Beyond hyperscalers, Nvidia is actively cultivating what Huang calls “sovereign AI” — the wave of national governments building their own AI infrastructure. Saudi Arabia, France, Japan, the UAE, and several other nations have committed to Nvidia-powered AI factories as strategic investments in their economic competitiveness. This long tail of sovereign customers diversifies Nvidia’s revenue base away from the four US hyperscalers that currently dominate its order book.
What Investors Are Actually Watching
With guidance of $89–$93 billion for the next quarter, the financial trajectory remains extraordinary. The concern isn’t the near-term numbers — it’s the competitive landscape in 18 to 24 months. AMD’s Instinct MI350X series has quietly gained traction in inference deployments.
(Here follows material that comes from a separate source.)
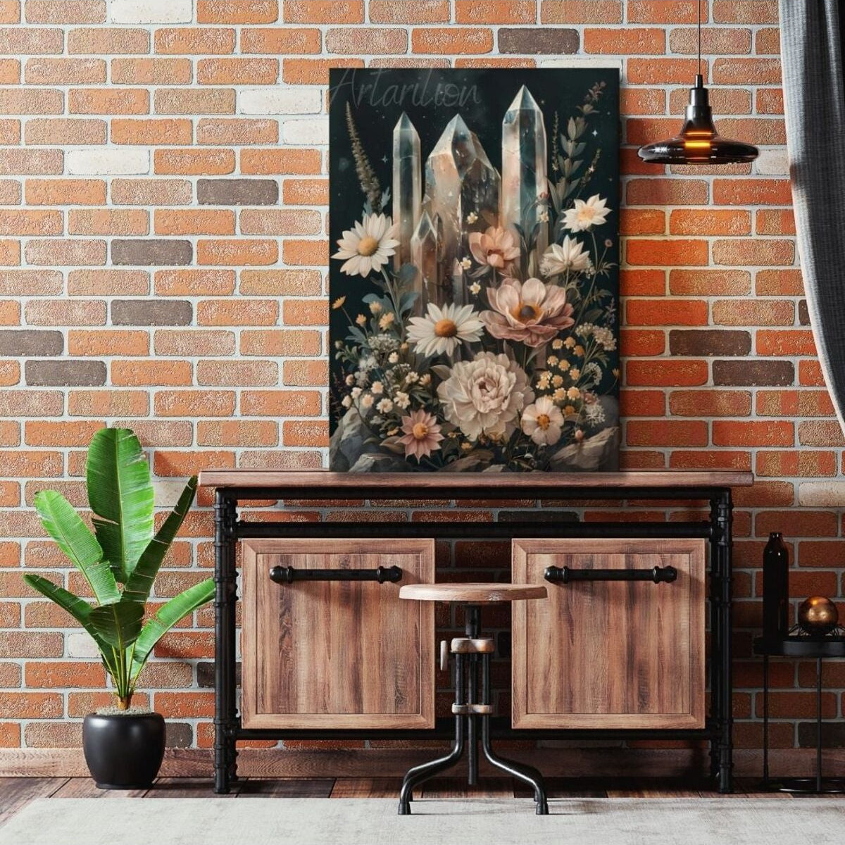 Kanvas Dijital HD Baskı Kanvas Tablo Çiçekler İçinde Kristaller Duvar Tablosu

Google’s custom TPU v6 has allowed the company to reduce its Nvidia dependency. Intel, despite years of missteps, is still fighting to be relevant in AI accelerators.
None of these competitors pose an immediate threat to Nvidia’s dominance. But they represent a future in which the moat narrows — and the China concession is a reminder that even the deepest technical and ecosystem advantages can be overcome when the rules of engagement change.
For now, $81.6 billion says Nvidia is still winning. The question is which game it’s winning in, and whether the game is about to change.